-------- Data in this exercise --------

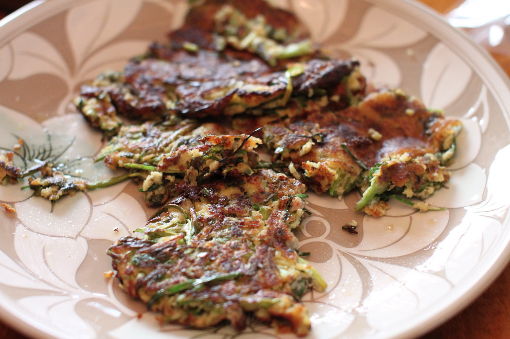 위의 사진은 미국에선 찾기 힘든 가느다란 부추가 들어간 굴 부추전.
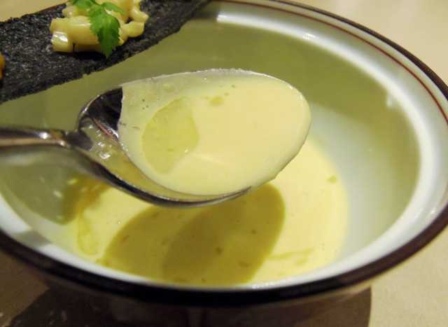 蟹味噌とそら豆の茶碗蒸しは、下からぷるぷるの蟹味噌が出てきました~。
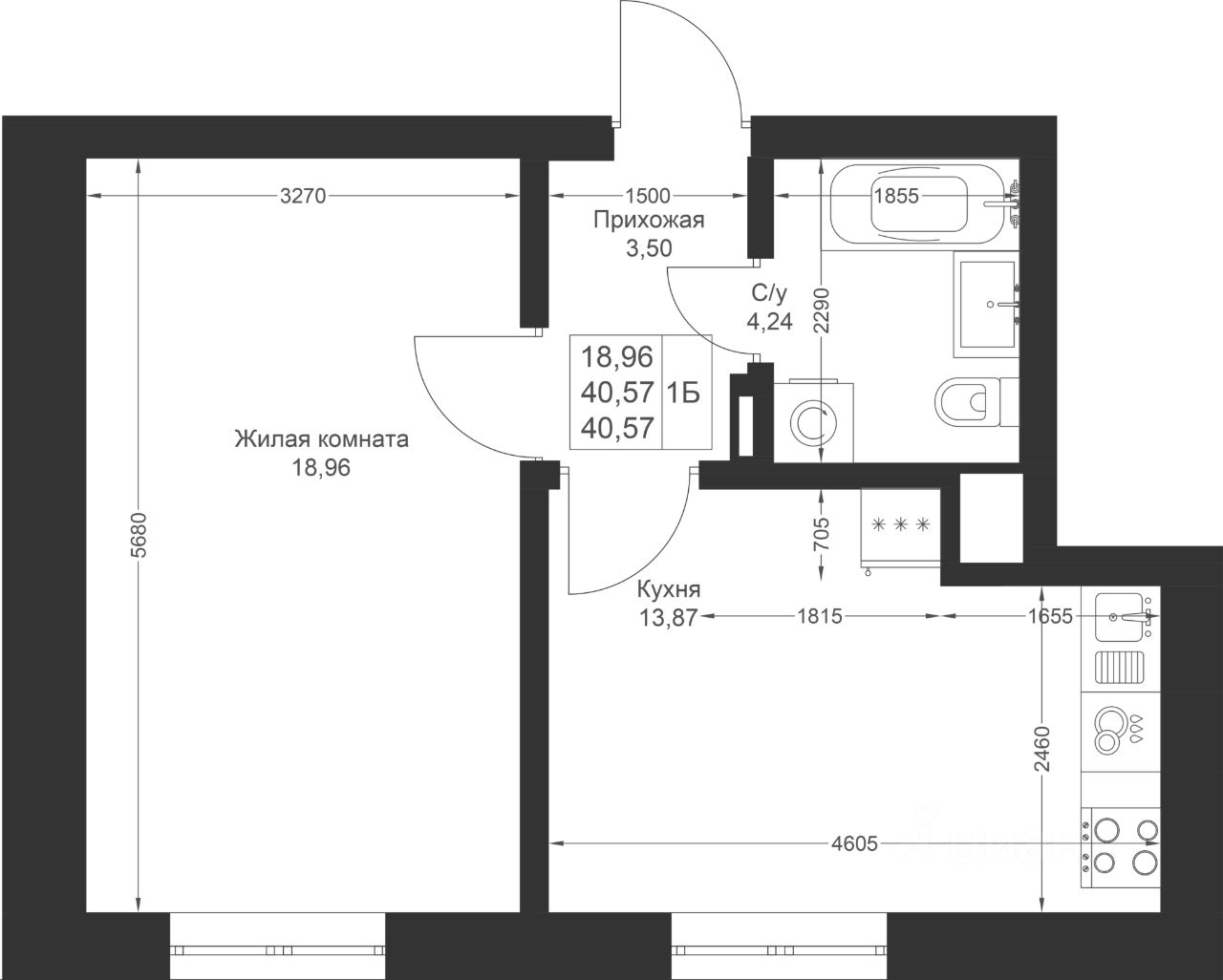 Продается 1-комнатная квартира 58 площадью 40,57 кв.м на 1 этаже в строящемся доме проекта "Новый свет" компании "Ак Барс Дом".
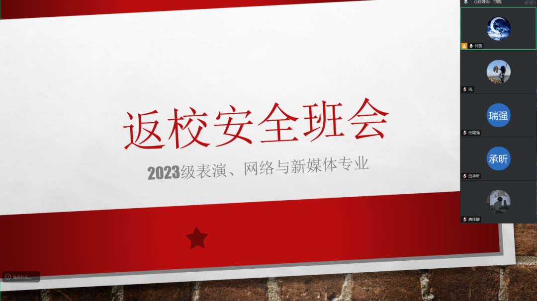 为切实做好新学期学生返校工作,保障学生平安、有序开启校园生活,传媒学院于2月20日—25日组织召开了以“安全返校,护航新学期”为主题的春季开学学生返校安全教育线上班会。
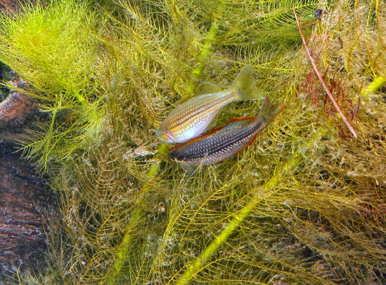 Nevertheless, genetic studies (P. J. Unmack 2009, pers. comm.) suggest that the "Waterfall Creek Exquisita" are an introgressed (e.g. hybridised) population of M. exquisita and M. nigrans. Introgression, which seems to be common among some sympatric rainbowfishes in their natural environment, as suggested above, frequently blurs the differentiations of rainbowfishes we recognise as species or populations. Although technically a 'hybrid', this process may contribute to a continuum in speciation and genetic diversity. This may be important to the species' ability to adapt to changing environmental conditions over time. Some populations may become better adapted than others; some may become extinct. However, it is a good idea not to maintain the different varieties together in the same aquarium.

--------

> [Your objective]: What is needed is a word-for-word copy of the lines from the start of the data to the line with "为切实做好新学期学生返校工作", inclusive, with no pictures in it.

> [Response to the task]:
 위의 사진은 미국에선 찾기 힘든 가느다란 부추가 들어간 굴 부추전.
 蟹味噌とそら豆の茶碗蒸しは、下からぷるぷるの蟹味噌が出てきました~。
 Продается 1-комнатная квартира 58 площадью 40,57 кв.м на 1 этаже в строящемся доме проекта "Новый свет" компании "Ак Барс Дом".
 为切实做好新学期学生返校工作,保障学生平安、有序开启校园生活,传媒学院于2月20日—25日组织召开了以“安全返校,护航新学期”为主题的春季开学学生返校安全教育线上班会。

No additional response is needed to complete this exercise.